** Opening Input for this task block **

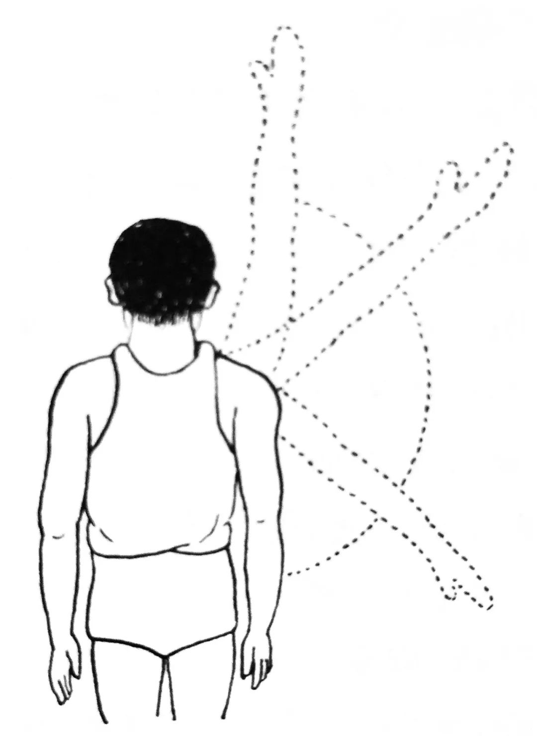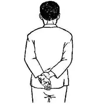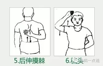 5、后伸摸棘—— 患者自然站立,在患侧上肢内旋并向后伸的姿势下,屈肘、屈腕,中指指腹触摸脊柱棘突,由下逐渐向上至最大限度后呆住不动,2分钟后再缓缓向下回原处,反复进行,逐渐增加高度。也可做越头摸耳的动作。
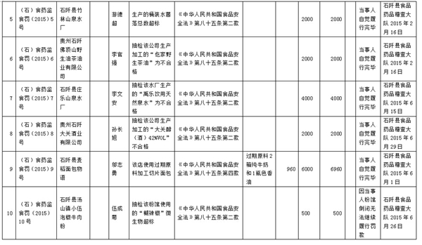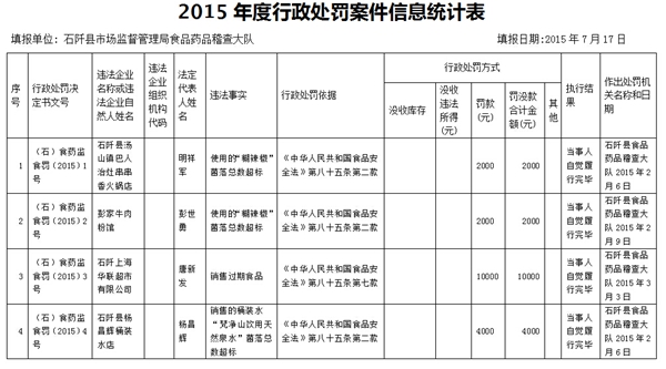 石阡市场监督局 2015年度行政处罚案件信息(7月17日)
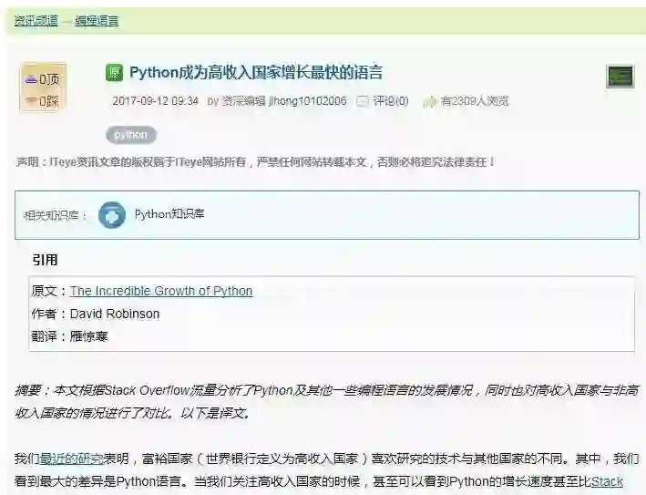 本文根据Stack Overflow流量分析了Python及其他一些编程语言的发展情况,同时也对高收入国家与非高收入国家的情况进行了对比。以下是译文。
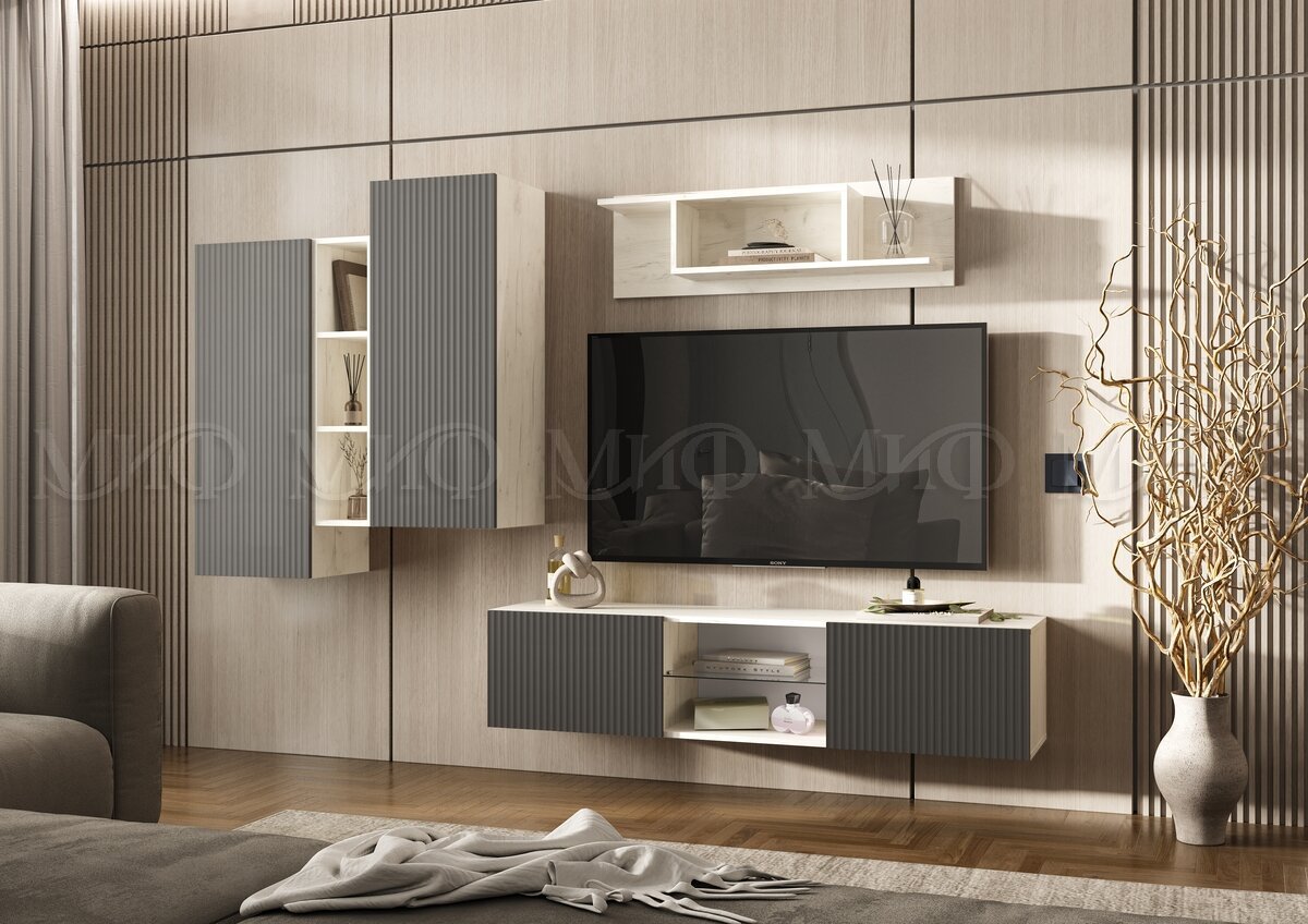 - Тумба ТВ подвесная 1500 Оскар Графит, Дуб Крафт Белый
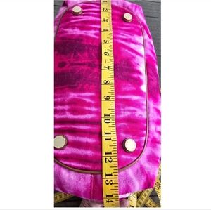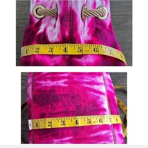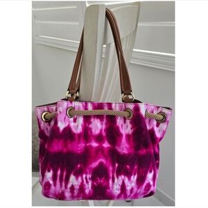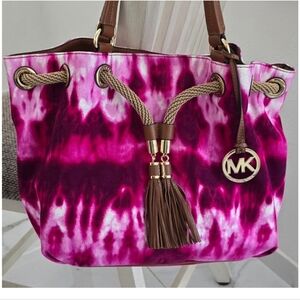 MICHAEL KORS MARINA Large Gathered Pink Tie-Dyed Canvas Drawstring Tassel Shoulder Bag. Vibrant pink tie-dye tote with tassel detail. Features sturdy canvas and elegant design. Ideal for everyday use.
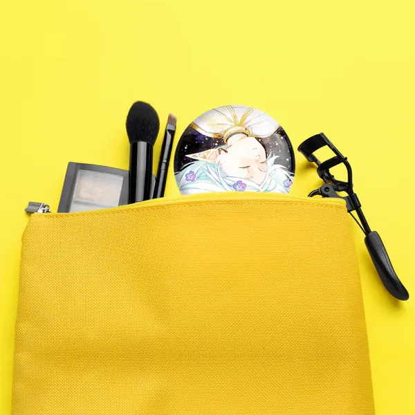 آینه های جیبی انیمه فریرن (Frieren) خندالو دایره ای به قطر 7.5 سانتی متر می باشد که نه خیلی بزرگ و غیر قابل استفاده در کیف آرایشی ست و نه خیلی کوچک که تصویر خاصی در آن مشاهده نشود. سایزی استاندارد و کارآمد دارد و مناسب قرار گیری در کیف لوازم آرایش و کیف های کوچک دستی نیز هست.
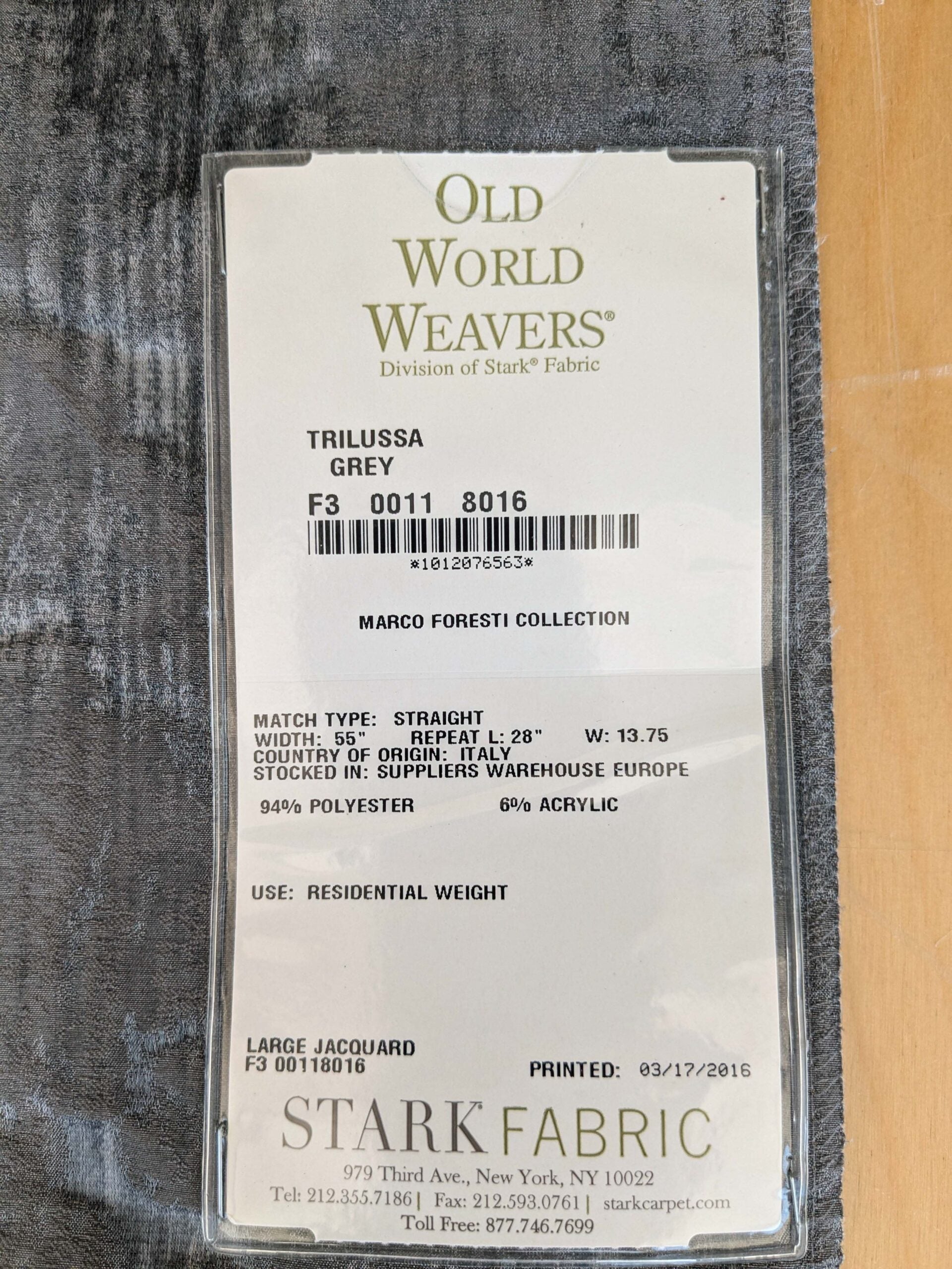 77 EV37 26" x 27" Old World Weavers Trilussa Grey Abstract Large Jacquard

** Closing Input for this task block **

-- Work instruction --
Copy all of the entries verbatim, leaving out any pictures they contain.

-- Final answer --
 5、后伸摸棘—— 患者自然站立,在患侧上肢内旋并向后伸的姿势下,屈肘、屈腕,中指指腹触摸脊柱棘突,由下逐渐向上至最大限度后呆住不动,2分钟后再缓缓向下回原处,反复进行,逐渐增加高度。也可做越头摸耳的动作。
 石阡市场监督局 2015年度行政处罚案件信息(7月17日)
 本文根据Stack Overflow流量分析了Python及其他一些编程语言的发展情况,同时也对高收入国家与非高收入国家的情况进行了对比。以下是译文。
 - Тумба ТВ подвесная 1500 Оскар Графит, Дуб Крафт Белый
 MICHAEL KORS MARINA Large Gathered Pink Tie-Dyed Canvas Drawstring Tassel Shoulder Bag. Vibrant pink tie-dye tote with tassel detail. Features sturdy canvas and elegant design. Ideal for everyday use.
 آینه های جیبی انیمه فریرن (Frieren) خندالو دایره ای به قطر 7.5 سانتی متر می باشد که نه خیلی بزرگ و غیر قابل استفاده در کیف آرایشی ست و نه خیلی کوچک که تصویر خاصی در آن مشاهده نشود. سایزی استاندارد و کارآمد دارد و مناسب قرار گیری در کیف لوازم آرایش و کیف های کوچک دستی نیز هست.
 77 EV37 26" x 27" Old World Weavers Trilussa Grey Abstract Large Jacquard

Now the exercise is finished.